Main memory unit 122 can be one or more memory chips capable of storing data and allowing any storage location to be directly accessed by the microprocessor or processor 121, such as any type or variant of Static random access memory (SRAM), Dynamic random access memory (DRAM), Ferroelectric RAM (FRAM), NAND Flash, NOR Flash and Solid State Drives (SSD). The main memory unit 122 can be based on any of the above-described memory chips, or any other available memory chips capable of operating as described herein. In the embodiment shown in FIG. 1B, the processor 121 communicates with main memory unit 122 via a system bus 150 (described in more detail below). FIG. 1C depicts an embodiment of a computing device 100 in which the processor communicates directly with the main memory unit 122 via a memory port 103. For example, in FIG. 1C the main memory unit 122 can be DRDRAM.

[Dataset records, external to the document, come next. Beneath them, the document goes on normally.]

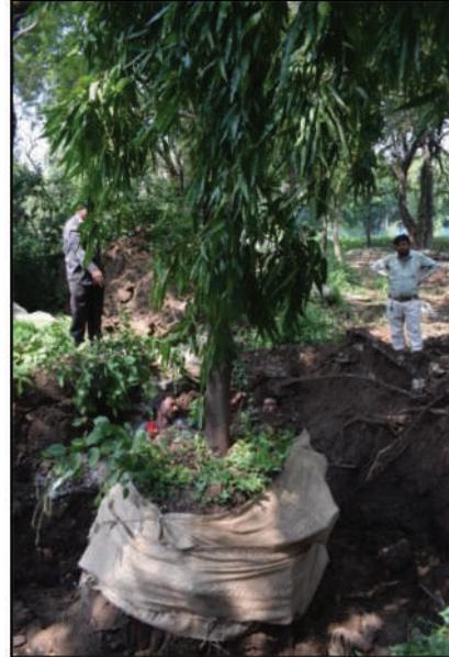
Tree Transplantation, Vadodara, Gujarat
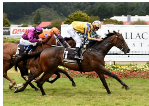
Vincent (NZ) (Burgundy)
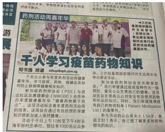
Media Coverage by Shin Min Daily News

This carnival had successfully attracted more than 1000 participants in the North West region of Singapore and the responses from the survey results showed an improvement in terms of the knowledge towards utilisation of primary prevention strategies and the management of their chronic conditions. The carnival was also covered in the press by Shin Min Daily News. We would like to thank all our volunteers, community partners as well as sponsors for their support in making this annual health carnival a success for everyone.
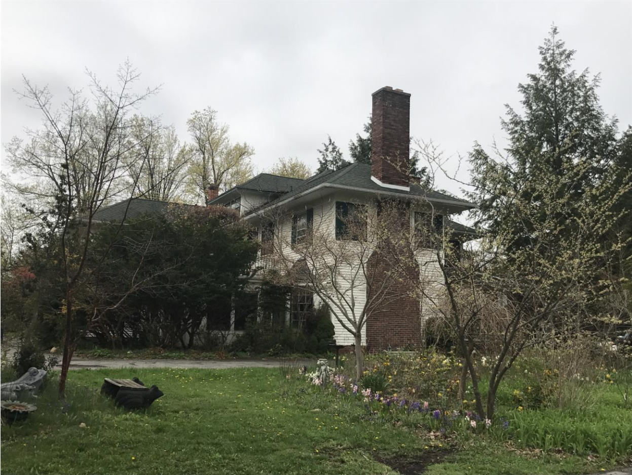
NY_Erie County_Town of Amherst_305 Brompton Road_North and East Elevations

20. HISTORICAL AND ARCHITECTURAL IMPORTANCE: Remains unchanged.
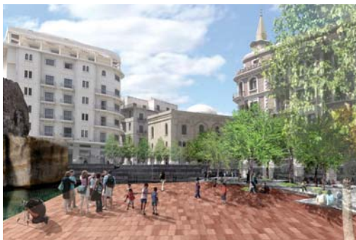
Archeological Tell Plaza
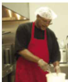
ACC's Wayne County Network Clubhouse programs focus on building client strengths, independent living skills, and assists in developing employment opportunities.
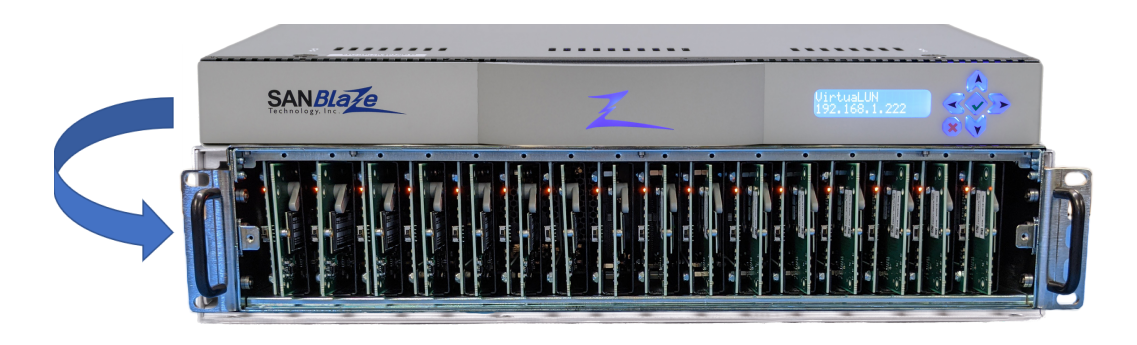
SANBlaze VLF Gen5 Server and SBExpress-RM5
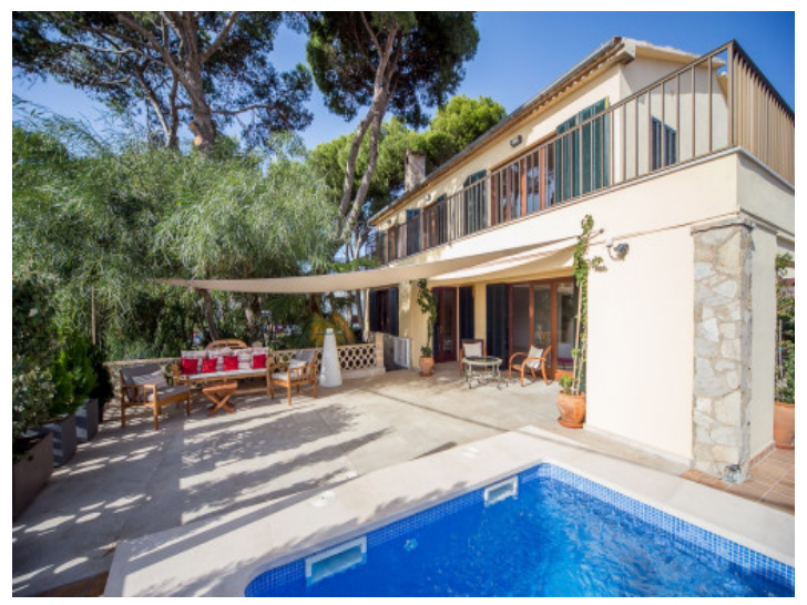
Views to the villa from the pool
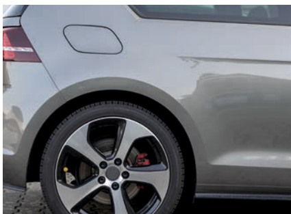
L001 BRAKE CLEANER
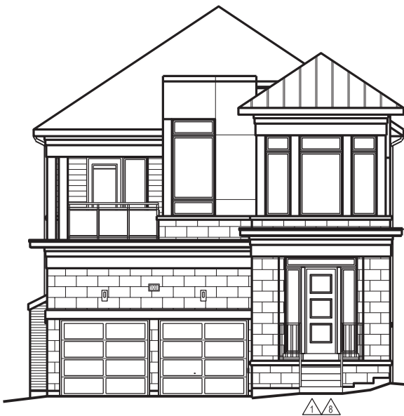
LOT NUMBER: 48 UNIT NAME: BROOKSIDE ELEVATION: C(REV) UNIT NUMBER: 4003
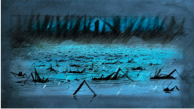
3 LA NUÉE (2020): Locusts on the surface of the lake.

One of the last images shows diving (or dying?) locusts on the surface of the lake.
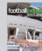
Каталог Футбольная индустрия
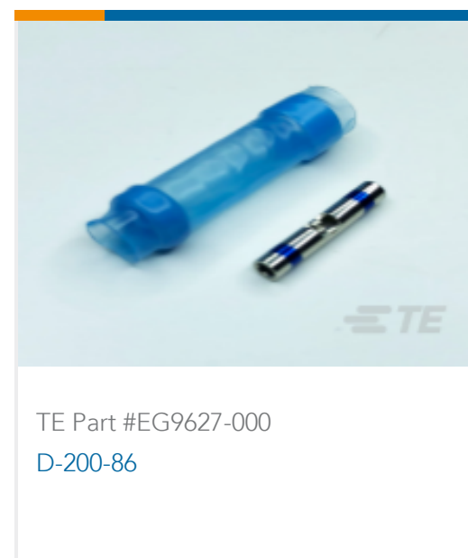
TE Part #EG9627-000 D-200-86
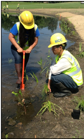
Installation of native plants around a Phalen golf course pond.

Environmental Services has recently received several grants to fund projects in Saint Paul Parks. Included is a Conservation Partners Legacy grant for $143,475 to restore 60 acres of oak woodland and oak savanna at Indian Mounds Regional Park. Grant money will also help fund prescribed burning, a valuable management tool for these plant communities.
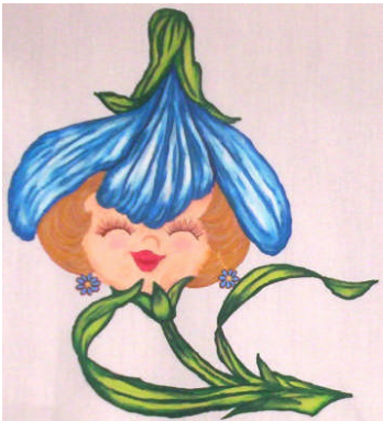
Flower Face 2 Quilt (FF2-02)
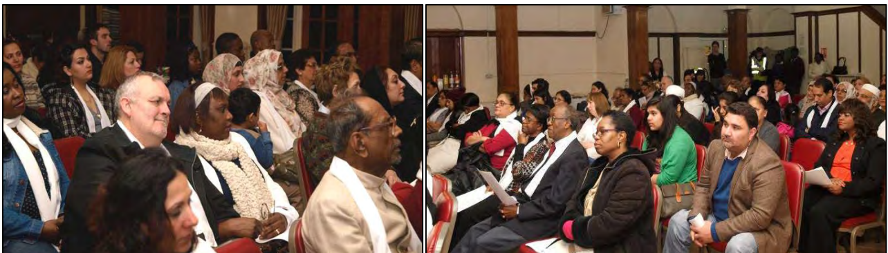
Many countries of Africa, Asia and Europe were represented among the 140 or so people present.
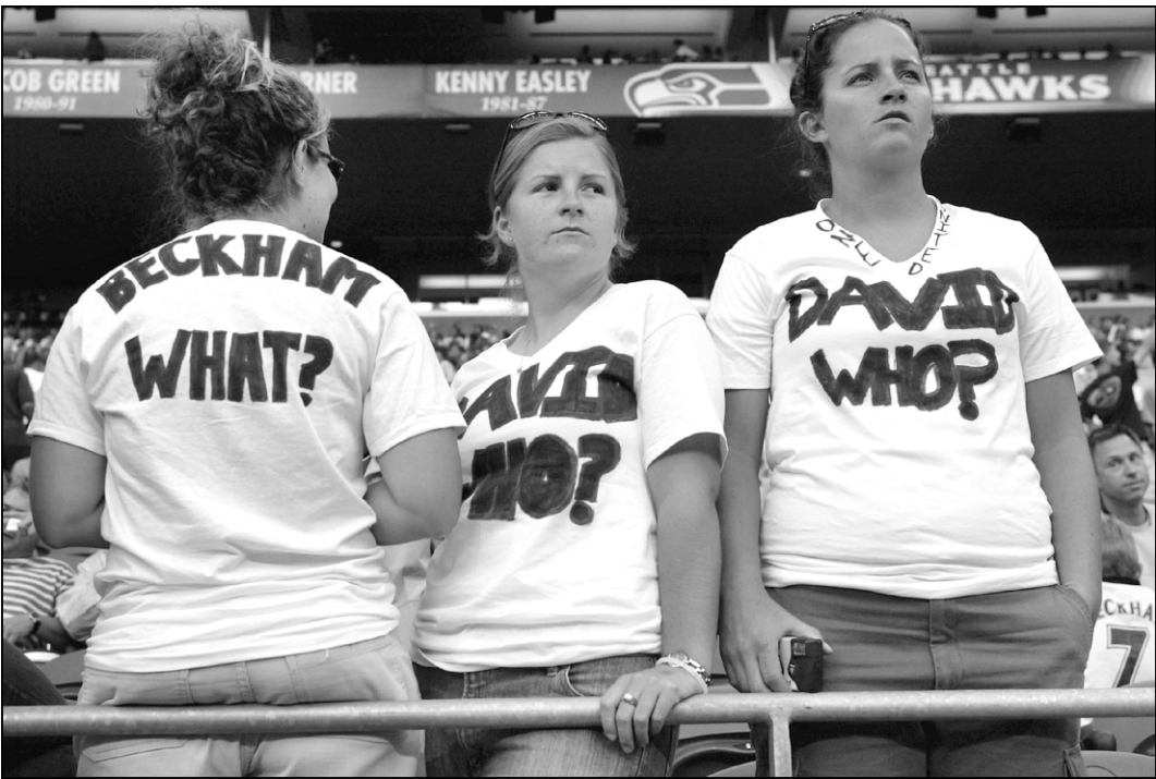
COULDN'T CARE LESS? Fans of Manchester United express their aparent disinterest in the loss of David Beckham to Real Madrid before the Red Devils' friendly match against Glasgow Celtic on July 22 July.
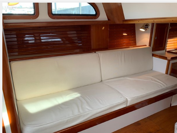
Main Cabin Port
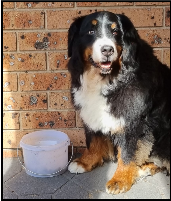
Lola Azzabern 2011
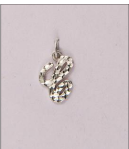
CH170754DC WT: 0.65 gm
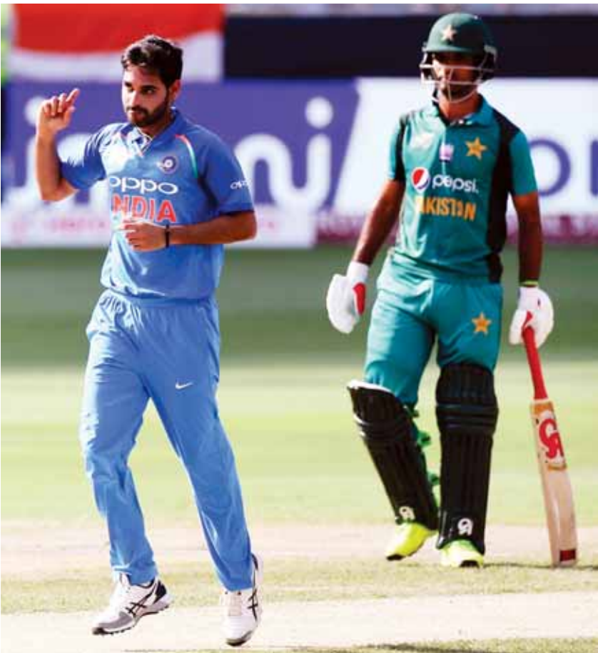
Bhuvneshwar Kumar, left, celebrates after dismissing Imam-ul-Haq during the Asia Cup match between India and Pakistan; Kedar Jadhav celebrates after Shoaib Malik's runout

Imam charged to a short of length delivery that climbed on him and the thickish outside edge was taken by Dhoni. Zaman, India's tormentor in the Champions Trophy, mistimed a pull-shot and Yuzvendra
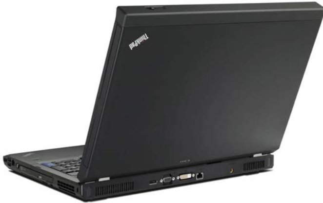
Lenovo® ThinkPad W701ds
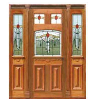
Victorian Entrance Frame Cherry Oak Frame with Side Lites featuring Edwardian Lead Lite
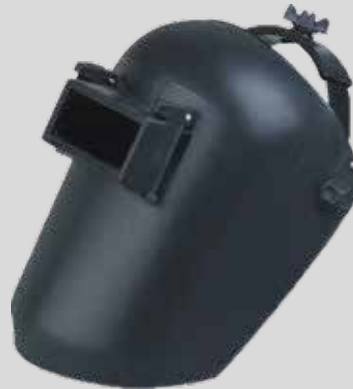
Welding Helmete with flip front
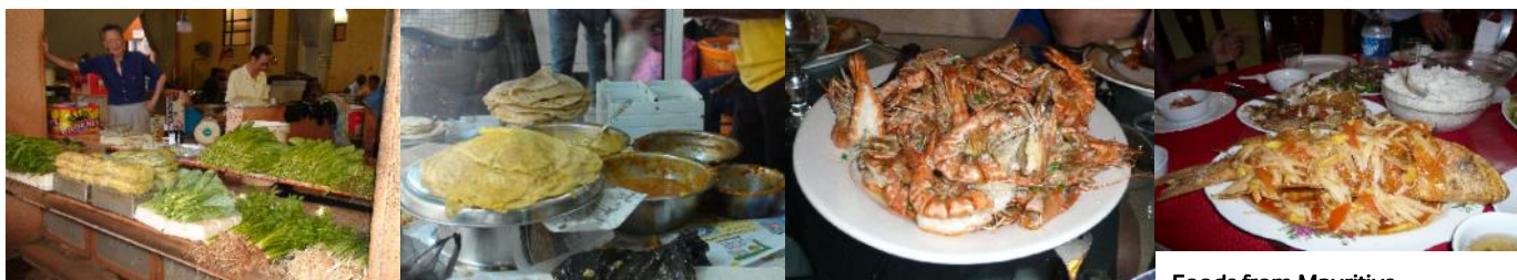
Foods from Mauritius Visit http://ile-maurice.tripod.com

For the horse racing enthusiasts, you can get the latemail for Melbourne & Sydney Racing at http://www.cj.net/melb.htm
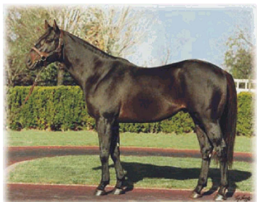
By Seattle Slew, out of Too Bald
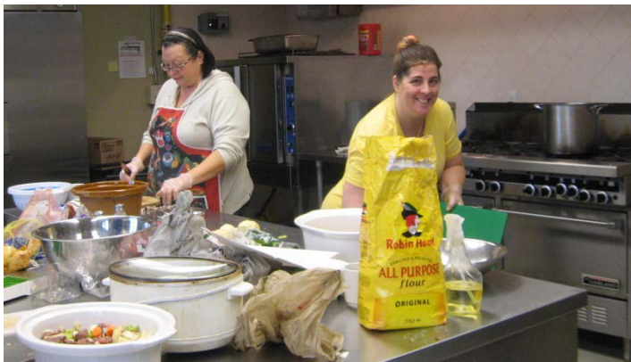
Participants in community kitchen at St. John's.

Your generous gift through Hands Across Niagara makes a difference in our region, across Canada, and around the world.
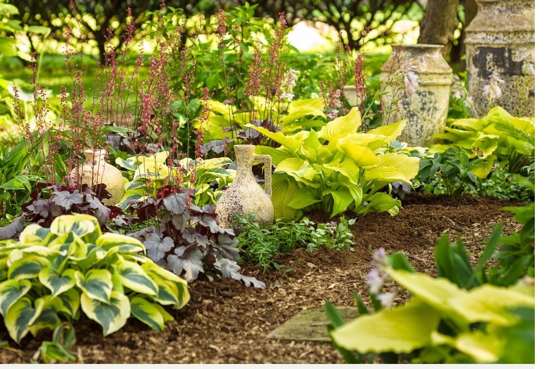
Featured: Shadowland Autumn Frost and Coast to Coast

FIG. 1C depicts an embodiment in which the main processor 121 communicates directly with cache memory 140 via a secondary bus, sometimes referred to as a backside bus. In other embodiments, the main processor 121 communicates with cache memory 140 using the system bus 150. Cache memory 140 typically has a faster response time than main memory unit 122 and is provided by, for example, SRAM, BSRAM, or EDRAM. In the embodiment shown in FIG. 1C, the processor 121 communicates with various I/O devices 130 via a local system bus 150. Various buses can be used to connect the central processing unit or processor 121 to any of the I/O devices 130, for example, a VESA VL bus, an ISA bus, an EISA bus, a MicroChannel Architecture (MCA) bus, a PCI bus, a PCI-X bus, a PCI-Express bus, or a NuBus. For embodiments in which the I/O device is a video display 124, the processor 121 can use an Advanced Graphics Port (AGP) to communicate with the display 124. FIG. 1C depicts an embodiment of a computer or computer system 100 in which the main processor 121 can communicate directly with I/O device 130b, for example via HYPERTRANSPORT, RAPIDIO, or INFINIBAND communications technology. FIG. 1C also depicts an embodiment in which local busses and direct communication are mixed: the processor 121 communicates with I/O device 130a using a local interconnect bus while communicating with I/O device 130b directly.

A wide variety of I/O devices 130a-130n can be present in the computing device 100. Input devices include keyboards, mice, trackpads, trackballs, microphones, dials, touch pads, touch screens, and drawing tablets. Output devices include video displays, speakers, inkjet printers, laser printers, projectors and dye-sublimation printers. The I/O devices can be controlled by an I/O controller 123 as shown in FIG. 1B. The I/O controller can control one or more I/O devices such as a keyboard 126 and a pointing device 127, e.g., a mouse or optical pen. Furthermore, an I/O device can also provide storage and/or an installation medium for the computing device 100. In still other embodiments, the computing device 100 can provide USB connections (not shown) to receive handheld USB storage devices such as the USB Flash Drive line of devices manufactured by Twintech Industry, Inc. of Los Alamitos, California.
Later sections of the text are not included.